Consumer goods leasing company Thorn Group Ltd (ASX: TGA) crashed over 6% in early trade as it faces accusations that it is aggressively targeting Centrelink customers.
The Australian Broadcasting Corporation reported that Radio Rentals, a business owned by Thorn Group, received $90 million in the last financial year from the federal Department of Human Services through the direct debit Centrepay system.
The stock has dropped to a near five-month low of $2.55 at the time of writing.
This issue is more than a thorn in the side of shareholders as the amount is very material to the group given that it posted total revenue of $235 million in 2013-14.

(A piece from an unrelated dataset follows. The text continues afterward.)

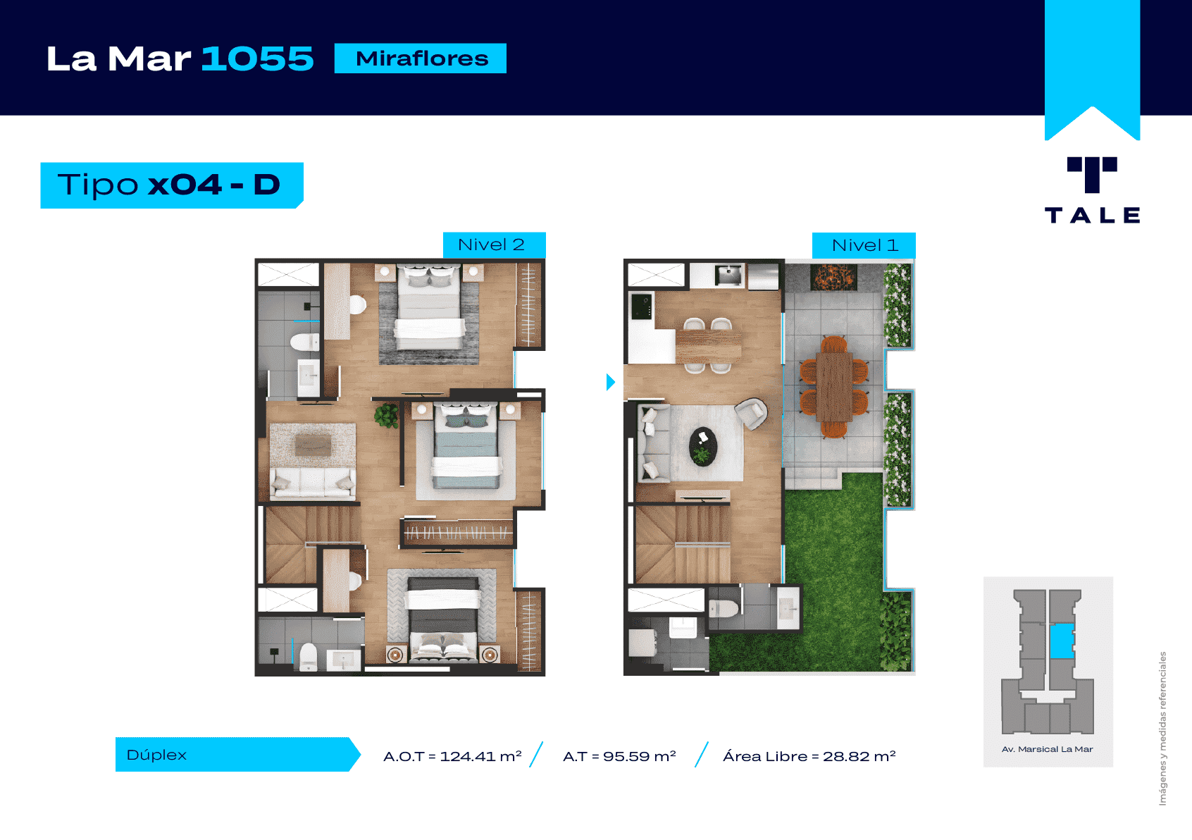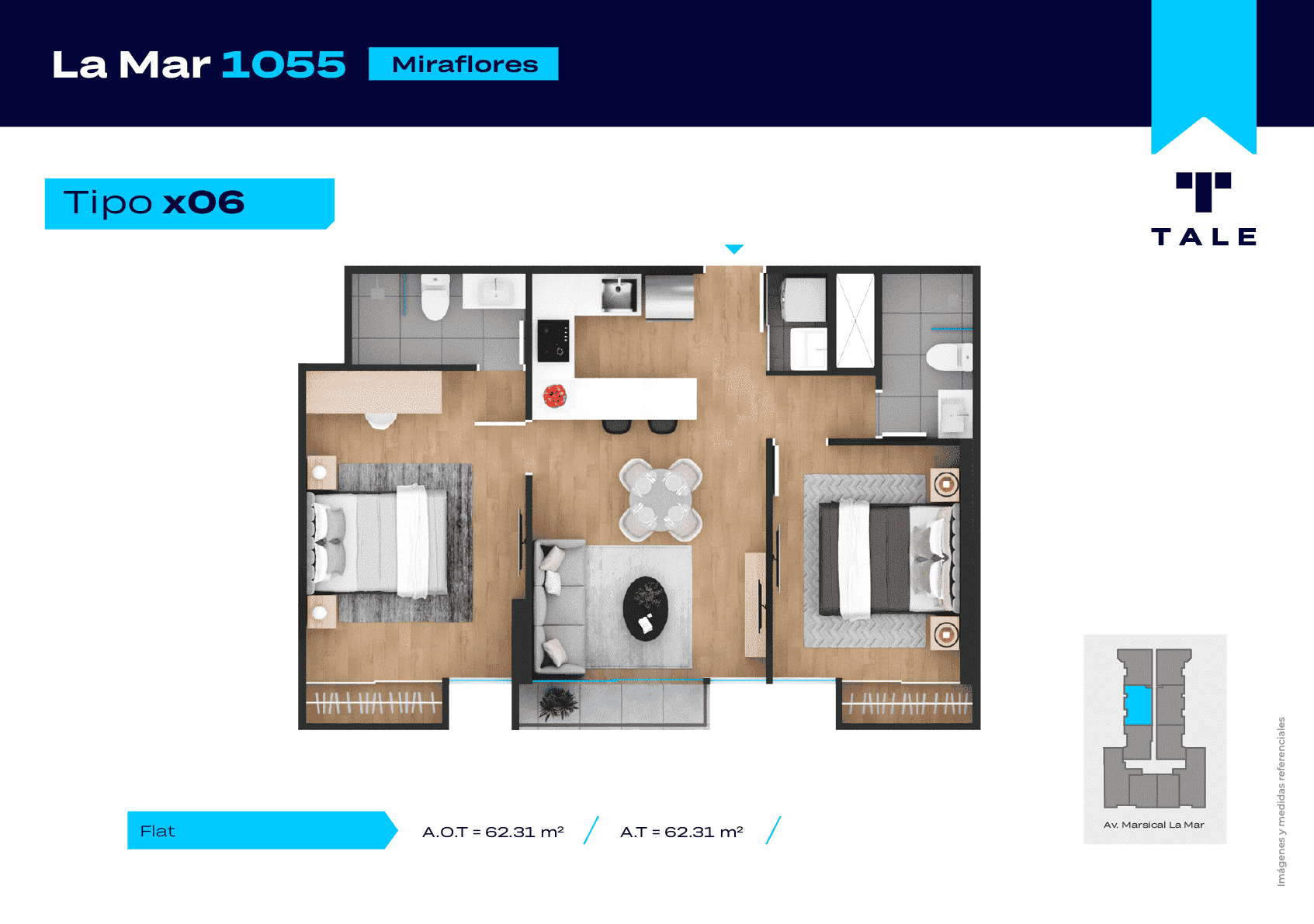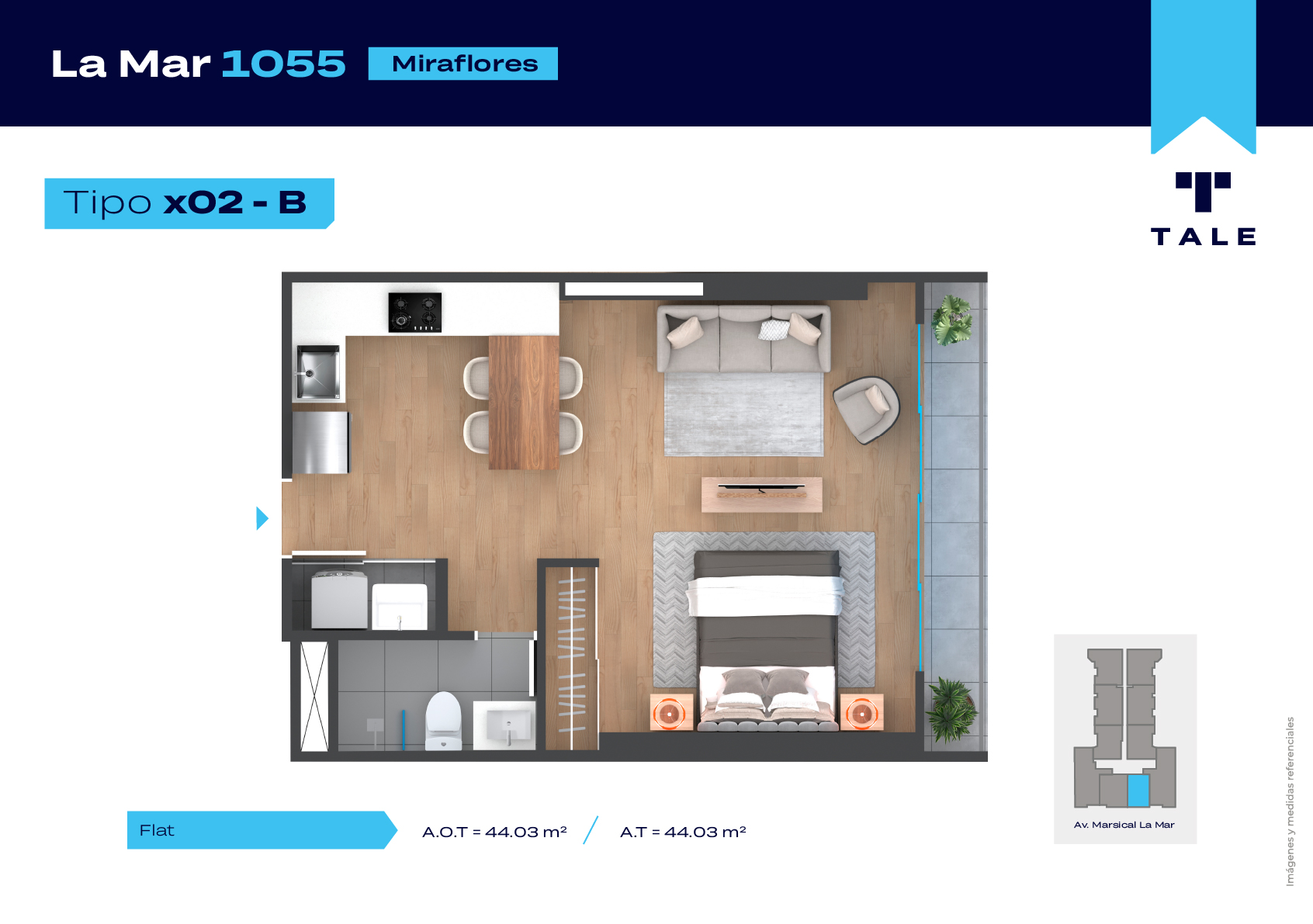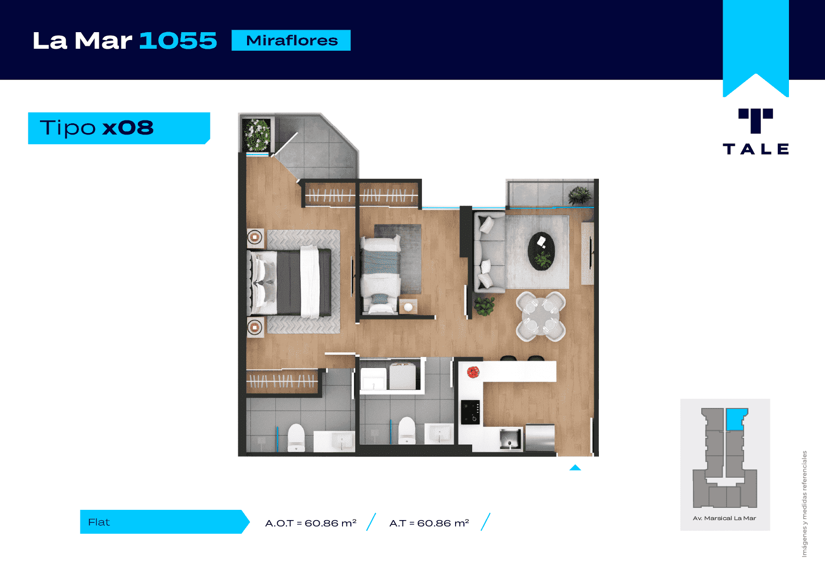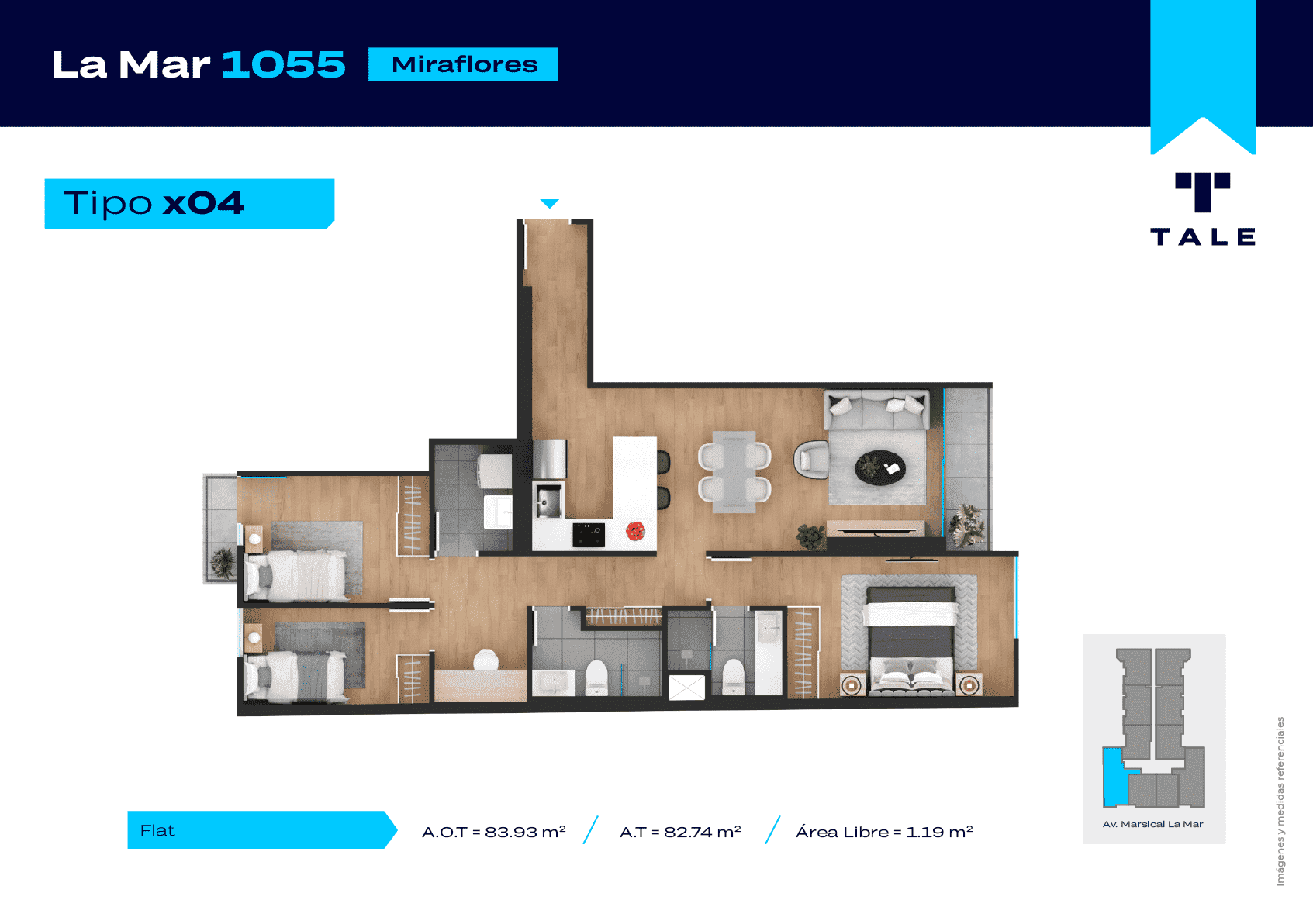 La Mar es una residencial de 13 pisos, a 3 cuadras y media del malecón y dentro del Hub Gastronomico de Miraflores. El proyecto cuenta con Lobby, Estacionamiento de bicicleta, Piscina, Terraza, Área de Parrillas, Sala de Jovenes y Gimnasio.

However, if you looked at its accounts more closely, revenue generated from its "consumer leasing" business was around $90 million, suggesting that just about all of the cash made from leasing white-and brown-goods came from the Centrepay system.
Thorn Group's other businesses include commercial equipment and vehicle leasing as well as providing unsecured loans.
Businesses that target consumers from lower socio-economic backgrounds aren't necessarily bad. If anything, they often fulfill a real need.
But this report will trigger a number of uncomfortable questions for Thorn Group, especially since its Radio Rentals business has delivered record earnings in 2013-14 and at the latest half year result.
The fear is Thorn Group could face similar public scrutiny as payday lenders Cash Converters International Ltd (ASX: CCV) and Money3 Corporation Limited (ASX: MNY).
The scrutiny forced the federal government to impose regulations on the payday lending industry. My colleague Owen Raskiewicz has written about these stocks recently.
Thorn Group has been one of the few shining stars in the retail sector with the stock gaining 31% over the past 12 months, before today's news because its business model is relatively resilient to economic swings.
But if it is proven that Radio Rentals used "predatory behaviour" in winning new business, the stock has a long way to fall.